To make it possible to eventually grow the code heap

diff --git a/vm/allot.hpp b/vm/allot.hpp
index da4a69913b4845757fdbc1eb23438b19e15d0d77..b5c3f453092481459c6c5fcdffb39bbd89d5f8f7 100644 (file)
--- a/vm/allot.hpp
+++ b/vm/allot.hpp
@@ -6,20 +6,20 @@ namespace factor {
 // Allocates memory
 inline code_block* factor_vm::allot_code_block(cell size,
                                                code_block_type type) {
-  cell block_size = size + sizeof(code_block);
-  code_block* block = code->allocator->allot(block_size);
 
-  // If allocation failed, do a full GC and compact the code heap.
-  // A full GC that occurs as a result of the data heap filling up does not
-  // trigger a compaction. This setup ensures that most GCs do not compact
-  // the code heap, but if the code fills up, it probably means it will be
-  // fragmented after GC anyway, so its best to compact.
-  if (block == NULL) {
+  cell block_size = size + sizeof(code_block);
+  cell required_free = block_size + code->high_water_mark();
+  if (!code->allocator->can_allot_p(required_free)) {
+
+    // If allocation failed, do a full GC and compact the code heap.

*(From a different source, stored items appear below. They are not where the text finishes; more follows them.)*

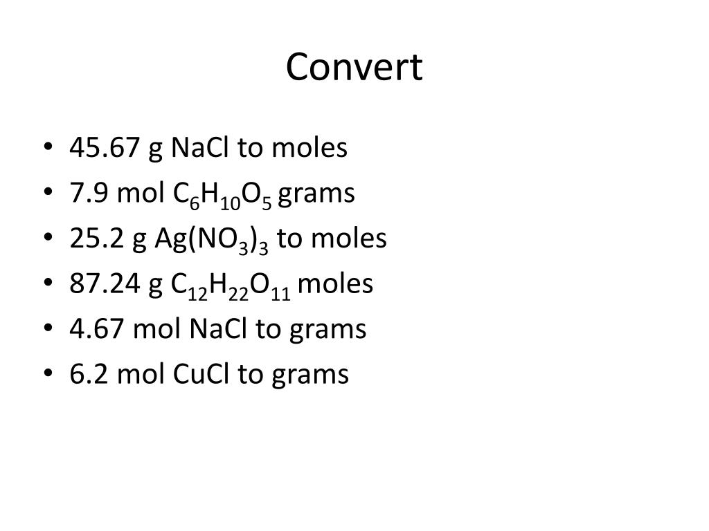 Convert • 45.67 g NaCl to moles • 7.9 molC6H10O5 grams • 25.2 g Ag(NO3)3 to moles • 87.24 g C12H22O11 moles • 4.67 molNaCl to grams • 6.2 mol CuCl to grams
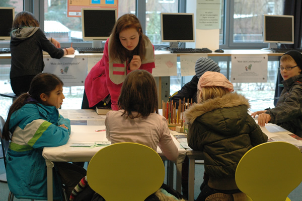 Staunen, stöbern, suchen – zum diesjährigen Tag der offenen Tür waren auch die Pforten der Schulbibliothek Finkenwerder für interessierte GrundschülerInnen und Eltern geöffnet. Für Fragen rund um den vielfältigen Bücherbestand und die Nutzungsmöglichkeiten der Bibliothek – vom gemütlichen Rückzugsraum in den Pausen, zur Ausleihe bis hin zum Unterricht der ganz anderen Art – standen Frau Ditzenbach und Frau Salomon zur Verfügung. Zahlreiche BesucherInnen besichtigten an diesem Tag die Räumlichkeiten und beteiligten sich aktiv an den abwechslungsreichen Mitmach-Angeboten. Für Entspannung sorgte die kuschelige Vorleseecke: auf Kissen und Decken liegend, konnten die BesucherInnen den Geschichten der VorleserInnen lauschen. Künstlerisch wirken konnten SchülerInnen in der Malecke – mit Wachs- oder Buntstiften wurden Geschichten oder Szenen aus den Lieblingsbüchern gezeichnet. Auch für die Eltern hatte die Schulbibliothek eine tolle Idee: Frau Jasper von der Bücherinsel Finkenwerder bot neue Bücher rund um die Themen Naturwissenschaft und Weltgeschichte, aber auch Romane an. Die Medien konnten von den Eltern erworben und der Bibliothek als Geschenk überreicht werden. Als Dankeschön wurde in den gespendeten Büchern ein Stempel mit Namen des Schenkenden verewigt.
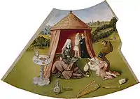 В кутах розташовано чотири тондо: «Смерть», «Страшний суд» згори та «Пекло» й «Рай» внизу. Зображення призначені нагадати глядачеві про швидкоплинність життя й те, що людина за життя своїми вчинками обирає, де їй перебувати — в пеклі чи раї. Загалом композиція твору нагадує Всевидяще око.
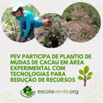 Outro ponto muito interessante são as novas formas de plantio, utilizando e inovando técnicas já existentes para o plantio com menos gastos de recursos. Nesse sentido, o integrante do Programa Escola Verde (PEV), Ernandes Santos, participou e registrou o plantio de mudas de cacau em uma área experimental utilizando tecnologias que reduzem o consumo de água, cobertura vegetal morta e irrigação localizada.
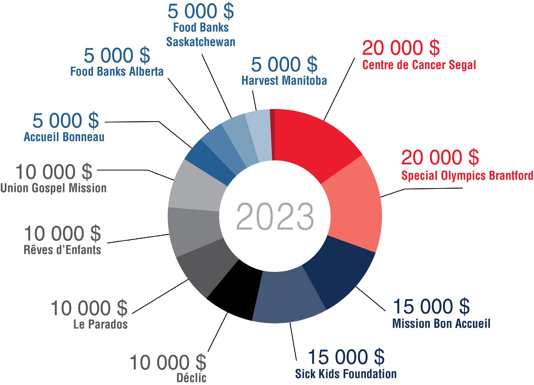 Grâce à votre générosité, nos revenus ont dépassé 400 000 $ en 2023. Votre soutien est essentiel et nous permet de continuer à travailler pour les causes qui sont importantes pour les Teamsters. Nous aimerions exprimer notre plus profonde gratitude aux golfeur·euse·s et à leurs invité·e·s qui ont participé au Tournoi de Golf au Club Le Diable de Mont-Tremblant, ainsi qu'à tou·te·s ceux/ celles qui ont acheté une paire de chaussettes en laine dans le cadre de notre campagne Le cœur et les pieds au chaud.

+    // A full GC that occurs as a result of the data heap filling up does not
+    // trigger a compaction. This setup ensures that most GCs do not compact
+    // the code heap, but if the code fills up, it probably means it will be
+    // fragmented after GC anyway, so its best to compact.

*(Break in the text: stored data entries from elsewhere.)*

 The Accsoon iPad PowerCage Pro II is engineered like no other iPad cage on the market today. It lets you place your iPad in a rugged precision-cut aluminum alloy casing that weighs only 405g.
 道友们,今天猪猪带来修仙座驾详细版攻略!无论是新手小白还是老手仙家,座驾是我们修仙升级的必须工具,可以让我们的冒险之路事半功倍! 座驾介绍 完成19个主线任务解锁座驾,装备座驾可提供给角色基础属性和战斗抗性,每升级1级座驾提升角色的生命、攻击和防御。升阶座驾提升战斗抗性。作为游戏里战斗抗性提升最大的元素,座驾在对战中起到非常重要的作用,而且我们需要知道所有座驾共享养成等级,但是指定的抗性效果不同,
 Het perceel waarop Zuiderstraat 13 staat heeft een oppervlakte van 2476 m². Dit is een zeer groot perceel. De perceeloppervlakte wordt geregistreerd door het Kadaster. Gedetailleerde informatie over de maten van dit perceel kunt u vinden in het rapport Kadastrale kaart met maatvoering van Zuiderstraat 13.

     primitive_compact_gc();
-    block = code->allocator->allot(block_size);
 
     // Insufficient room even after code GC, give up
-    if (block == NULL) {
+    if (!code->allocator->can_allot_p(required_free)) {
       std::cout << "Code heap used: " << code->allocator->occupied_space()
                 << "\n";
       std::cout << "Code heap free: " << code->allocator->free_space << "\n";
@@ -27,6 +27,7 @@ inline code_block* factor_vm::allot_code_block(cell size,
       fatal_error("Out of memory in allot_code_block", 0);
     }
   }
+  code_block* block = code->allocator->allot(block_size);
 
   // next time we do a minor GC, we have to trace this code block, since
   // the fields of the code_block struct might point into nursery or aging
@@ -39,16 +40,15 @@ inline code_block* factor_vm::allot_code_block(cell size,
 // Allocates memory
 inline object* factor_vm::allot_large_object(cell type, cell size) {
   // If tenured space does not have enough room, collect and compact
-  cell requested_size = size + data->high_water_mark();
-  if (!data->tenured->can_allot_p(requested_size)) {
+  cell required_free = size + data->high_water_mark();
+  if (!data->tenured->can_allot_p(required_free)) {
     primitive_compact_gc();
 
     // If it still won't fit, grow the heap
-    if (!data->tenured->can_allot_p(requested_size)) {
+    if (!data->tenured->can_allot_p(required_free)) {
       gc(collect_growing_data_heap_op, size);
     }
   }
-
   object* obj = data->tenured->allot(size);
 
   // Allows initialization code to store old->new pointers

diff --git a/vm/code_heap.hpp b/vm/code_heap.hpp
index 69e3683ac901fbebe462559345176b69c421a892..86c315e3183a1a129dc50372fb4d77232a1e1577 100644 (file)
--- a/vm/code_heap.hpp
+++ b/vm/code_heap.hpp
@@ -49,6 +49,7 @@ struct code_heap {
   void set_safepoint_guard(bool locked);
   void verify_all_blocks_set();
   void initialize_all_blocks_set();
+  cell high_water_mark() { return allocator->size / 20; }
 
   void sweep();